Secondly, we are taking action to enable swift re-release following recall where it is safe and appropriate to do so. This summer, we will see the publication of the progression panel policy framework, which will ensure that a multidisciplinary meeting is convened within 28 days for any offender who is recalled. The detail gathered from this panel informs consideration for the Risk Assessed Recall Review process, which, in appropriate circumstances, can lead to early re-release. These panels also help prisoners prepare for release, which aids their resettlement into the community. Measures such as these will help individuals progress through their sentence towards having it terminated.
I hope noble Lords are reassured by some of the updates that I have provided today. I will continue to work closely with noble Lords on this very important issue. I am pulling every operational lever I can, as hard as I can, to support IPP prisoners so that they can get out of prison and stay out.
I thank the Minister for his response. I was very pleased to forewarn him of my speech, to give him more than a fair opportunity to review and reflect on such a very serious matter, especially bearing in mind the hundreds, if not thousands, of individuals watching, listening and hoping that something positive can come out of this debate.
I am disappointed, but not surprised, by the Minister’s answer, because it is very much more of the same that he has given us on two other occasions: he does not wish resentencing to be part of the move forward. I still really struggle to turn around and understand how the Minister cannot convince himself that it is the right thing to do for those groups of individuals that I have pointed out today—colleagues have supported me—who really do not create any sort of risk to the public. Those people who are already out on probation and have been released by the Parole Board are a perfect example, never mind the kids and others.
Nevertheless, all we can do is our best to encourage a man for whom I have an awful lot of respect. This Minister is genuine, he is honest and he is doing as much as he feels he can to give hope and support to this victimised group of more than 3,000 individuals. I sincerely hope his words will lead to even more actions than have been done today as he moves away from the Chamber.
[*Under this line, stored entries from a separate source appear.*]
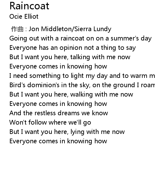 | [00:14.97] | Going out with a raincoat on on a summer' s day |
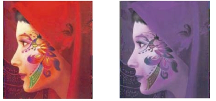 色调有多种:冷色调、暖色调、灰色调、黄色调、紫色调、亮色调、暗色调等。色调要依妆面的主题风格来确定。如喜庆、热烈的效果常常选用暖色调;平静、肃穆的场面常常选用冷色调;表达甜美、典雅的风格,一般采用中性明度的色调,如橙色、淡绿色、淡黄色等;表达欢乐、活泼、明快的主题,往往选用亮色调;表达含蓄、深沉的题材,则采用暗色调。下面红色调与紫色调所产生的妆面气氛就不同。(如图2-1-6所示)
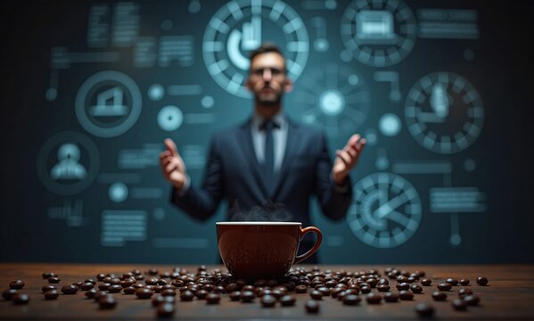 A steaming cup of coffee and scattered beans on a desk, with a blurred business professional presenting against an illuminated futuristic data display.
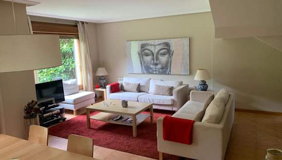 Das Precioso adosado in Urbanización mit Blick auf den Garten bietet eine angenehme Umgebung für einen gemütlichen Aufenthalt. Die rustikale Gestaltung und die Gartenlandschaft tragen zur heimeligen Atmosphäre bei. Das Ferienhaus wird von einem privaten Gastgeber geführt und ist auf Familien und chillige Feriengäste ausgelegt.
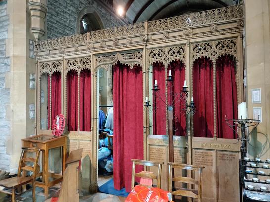 SCREEN: ER SERCHUS COF AM AELODAU OR PLWYF HON A COLLODD EU BYWYD YN YR AIL RHYFEL BYD/ (NAMES)/ IN LOVING MEMORY OF THE MEMBERS OF THIS PARISH WHO LOST THEIR LIVES DURING THE SECOND WORLD WAR AND ALSO THE KOREAN WAR ELSEWHERE: (KOREA NAMES)
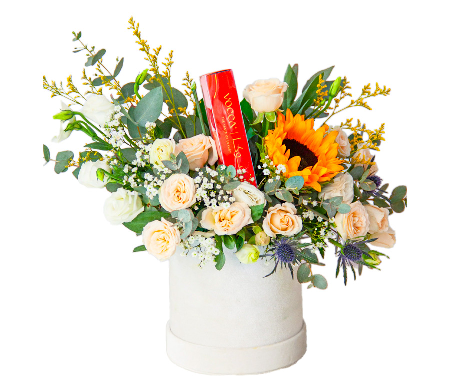 A delightful combination of floral beauty and sweet indulgence, this arrangement is a perfect gift for any occasion. Featuring a vibrant sunflower, 3 delicate baby roses, 3 eustoma, 2 baby breath, 1 limonium, 3 eucalyptus, 2 eryngium, and a selection of assorted chocolate pralines, this bouquet offers a harmonious blend of colors and textures. The sweet fragrance of the flowers and the rich taste of the chocolates create a truly unforgettable experience.

But it is a bit of a struggle when, only a week ago, we saw an individual who was finally released out into the community but was arrested within 24 hours and sent back into prison again—and released again and sent back into prison again. Or we might end up with a guy who is now mentally unstable, created by the system, and who has been trying to get out of prison. With your help and support, he gets out of prison and goes into a mental institution, only to find that not long thereafter he is sent straight back into the same prison, which creates the same mental instability. It does not work and, no matter what the Minister says, it certainly has not given us the answers to the hundreds of problems associated with IPP sentences.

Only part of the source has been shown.